There will also be an excerpt on YouTube.




Event information:

Whilst in London to promote his new book, Zero History, Intelligence Squared paired author William Gibson with popular blogger and science fiction writer Cory Doctorow in a wide-ranging conversation that gives a fascinating insight into the mind of the man heralded as the “architect of cool”.

Kicking off with a summary of Zero History - not in terms of plot and themes, but regarding its genesis and place within ‘the Bigend trilogy’ - Gibson described the function of these three works (the other two being Pattern Recognition and Spook Country) as a ‘pinhole exposure of the first decade of the 21st century.’ The interesting thing, he stressed, is that he didn’t have to move the camera much - it’s the times that change, his lens just remains open. Indeed, Gibson repeatedly underlined the centrality of the present in his work - the title quotation is symptomatic of this - and stressed that good science fiction writing is based on looking at ‘all the things around you’ and finding ‘the ones with the most obvious legs to carry you into the future.’
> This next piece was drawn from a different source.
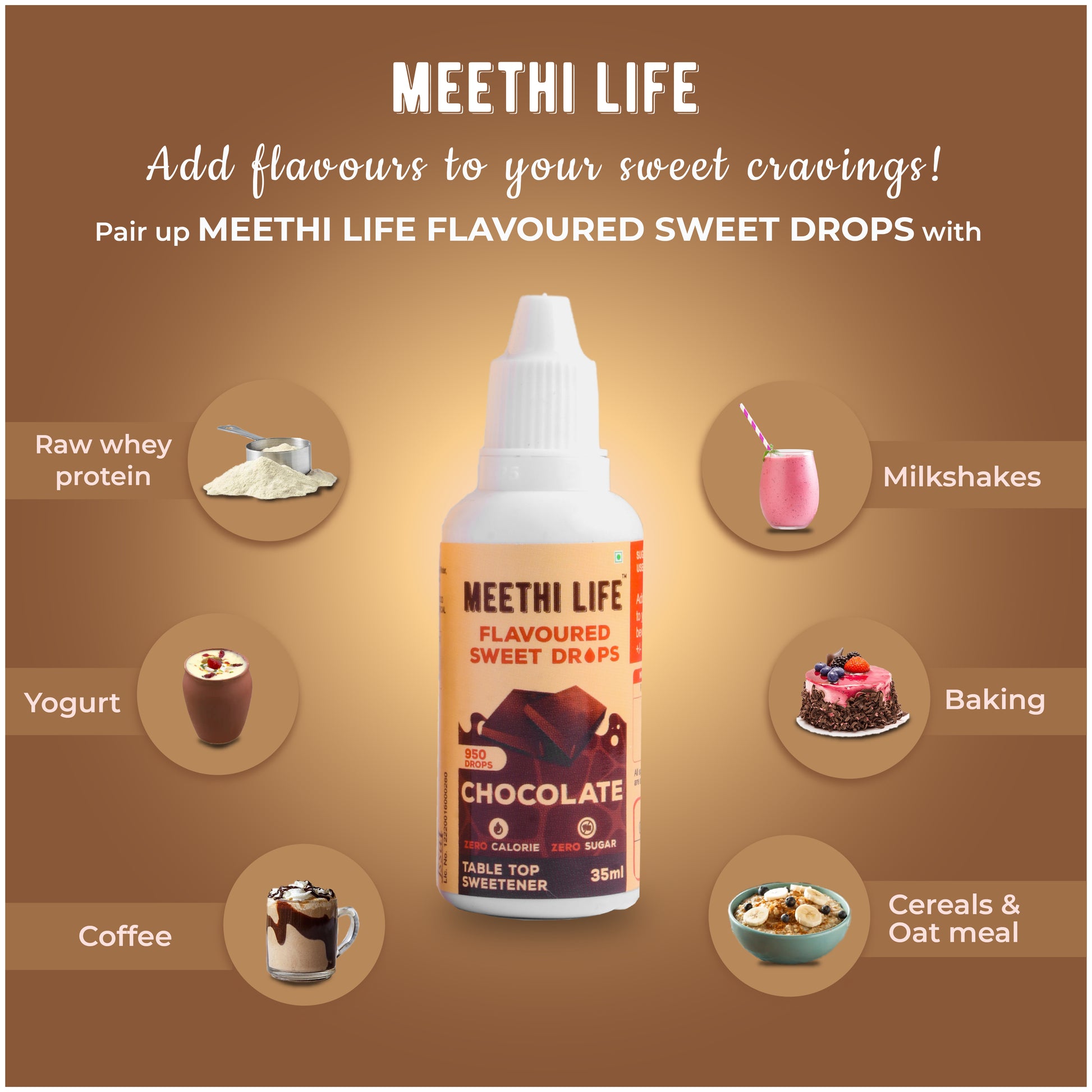 With Meethi Life Flavoured Sweet Drops now enjoy different flavours every day by mixing a few drops of this delightful liquid to your unflavoured whey protein, shakes & smoothies, oatmeals, baking and many more.

Gibson reveals to Doctorow his earlier insecurities as a novelist, as although his books looked, were shaped, and provided an experience rather similar to reading a novel, he attributes many of the themes that emerged as only doing so once they had been scrutinised and responded to by his readers. Their conversation brims with enthusiasm for alternative cultures, be it Japanese, Victorian, or Bohemian, and flits from technology to child-rearing, skimming the surface of Gibson’s writing process on its way.

The pair discuss the commodification of Bohemia in all its guises, Doctorow suggesting that the only way to avoid having one’s subculture seized upon, popularized and, ultimately, inverted, is to be so outrageously offensive that it would never be accepted by the mainstream. Either way, neither speaker was left with much optimism regarding the future possibility of a genuine subculture. Gibson concluded that we are now left with only ‘splinters of Bohemia,’ the violation of which seems almost complete in a world where ‘the way D. H. Lawrence looked is…much more important than what D.H. Lawrence wrote.’